### Task prompt
Give the listing again word for word. Leave every image out.

### Data extract

=== Begin Enclosure ===

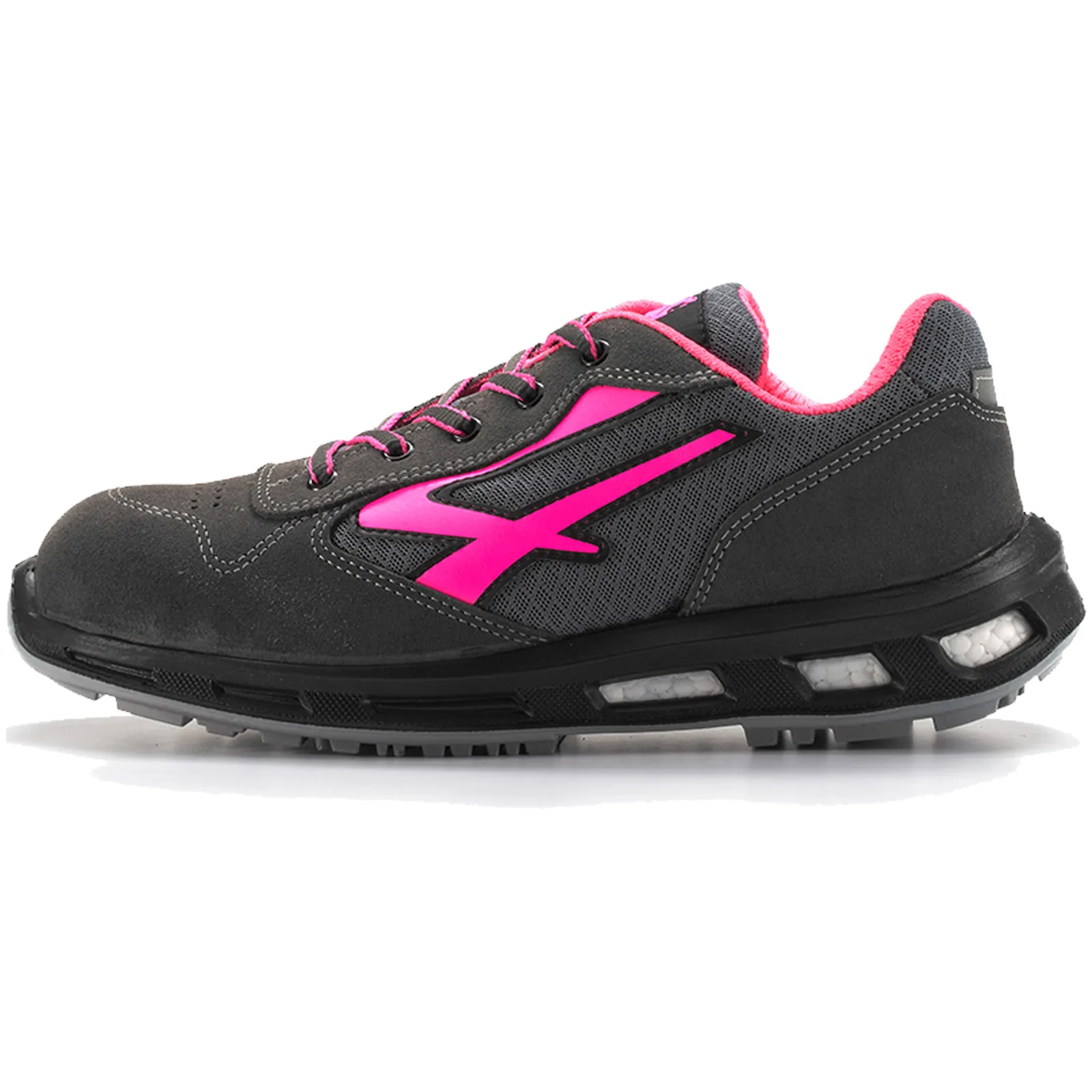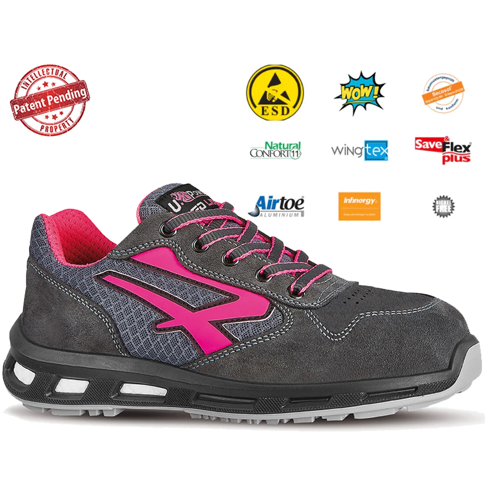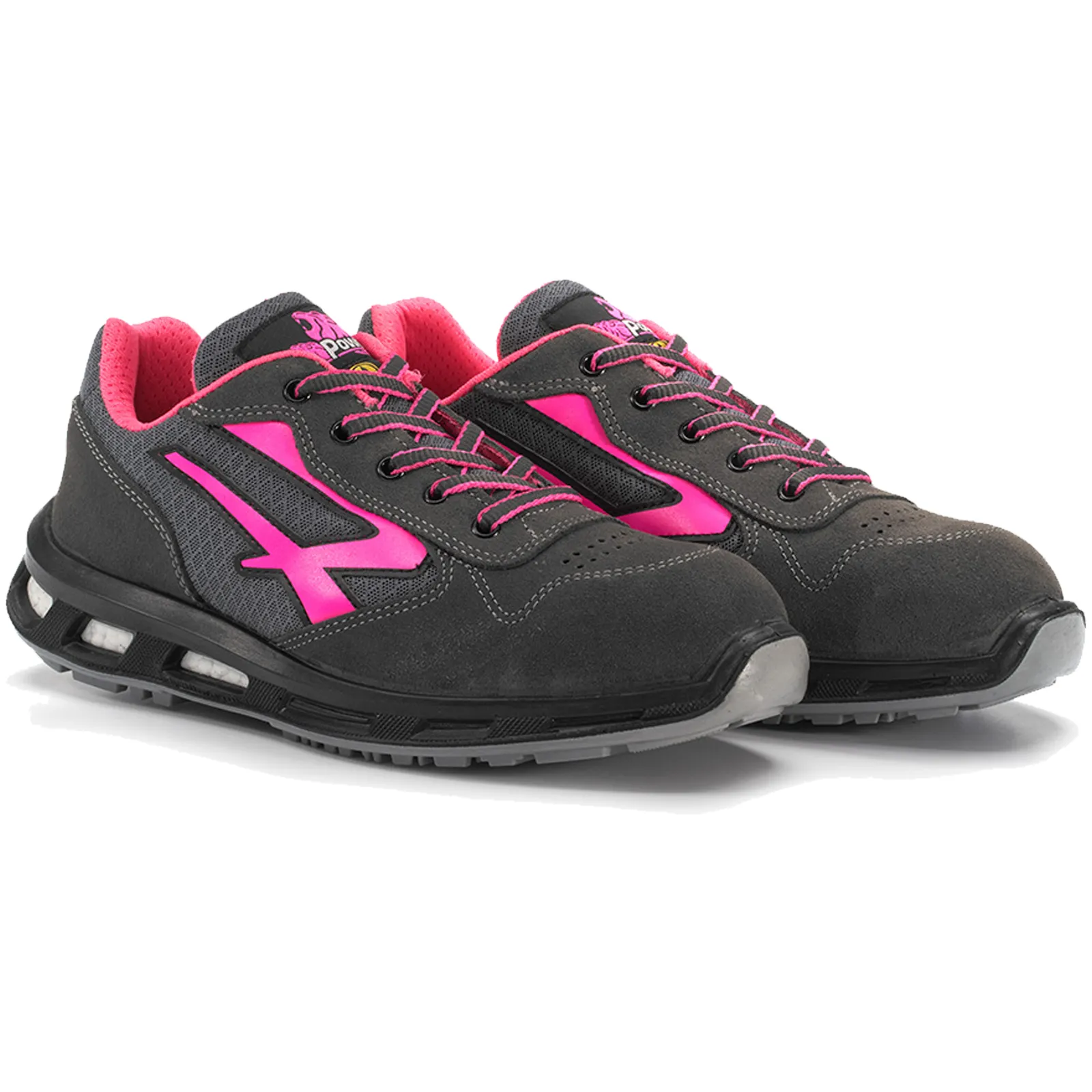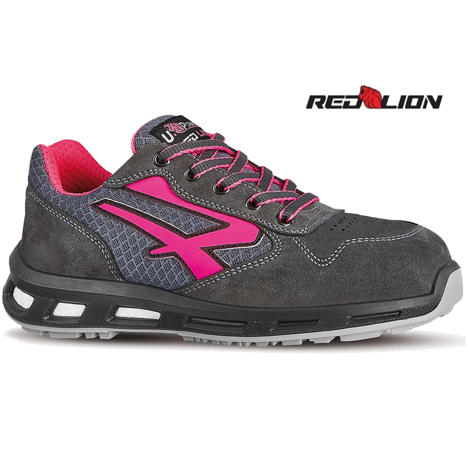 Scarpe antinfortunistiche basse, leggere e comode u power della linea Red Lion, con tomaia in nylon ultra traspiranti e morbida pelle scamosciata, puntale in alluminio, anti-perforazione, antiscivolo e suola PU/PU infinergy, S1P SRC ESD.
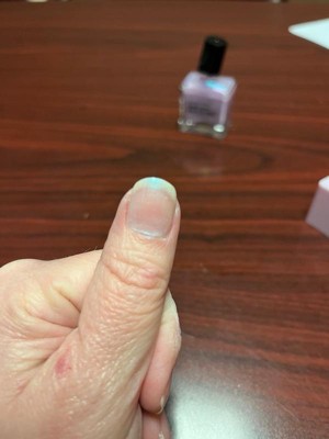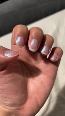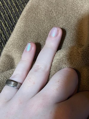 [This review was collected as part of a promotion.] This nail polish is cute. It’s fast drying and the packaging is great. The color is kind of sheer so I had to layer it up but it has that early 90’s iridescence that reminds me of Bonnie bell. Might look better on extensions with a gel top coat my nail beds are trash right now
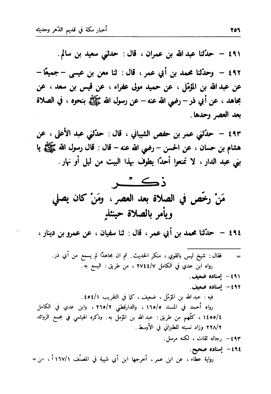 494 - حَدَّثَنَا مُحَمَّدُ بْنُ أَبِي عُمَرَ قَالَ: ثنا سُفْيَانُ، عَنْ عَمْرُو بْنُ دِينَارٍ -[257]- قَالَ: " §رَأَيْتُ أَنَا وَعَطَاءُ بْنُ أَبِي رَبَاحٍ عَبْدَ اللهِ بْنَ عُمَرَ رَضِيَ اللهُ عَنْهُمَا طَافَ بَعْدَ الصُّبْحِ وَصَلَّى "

=== End Enclosure ===

### Result of this task
 Scarpe antinfortunistiche basse, leggere e comode u power della linea Red Lion, con tomaia in nylon ultra traspiranti e morbida pelle scamosciata, puntale in alluminio, anti-perforazione, antiscivolo e suola PU/PU infinergy, S1P SRC ESD.
 [This review was collected as part of a promotion.] This nail polish is cute. It’s fast drying and the packaging is great. The color is kind of sheer so I had to layer it up but it has that early 90’s iridescence that reminds me of Bonnie bell. Might look better on extensions with a gel top coat my nail beds are trash right now
 494 - حَدَّثَنَا مُحَمَّدُ بْنُ أَبِي عُمَرَ قَالَ: ثنا سُفْيَانُ، عَنْ عَمْرُو بْنُ دِينَارٍ -[257]- قَالَ: " §رَأَيْتُ أَنَا وَعَطَاءُ بْنُ أَبِي رَبَاحٍ عَبْدَ اللهِ بْنَ عُمَرَ رَضِيَ اللهُ عَنْهُمَا طَافَ بَعْدَ الصُّبْحِ وَصَلَّى "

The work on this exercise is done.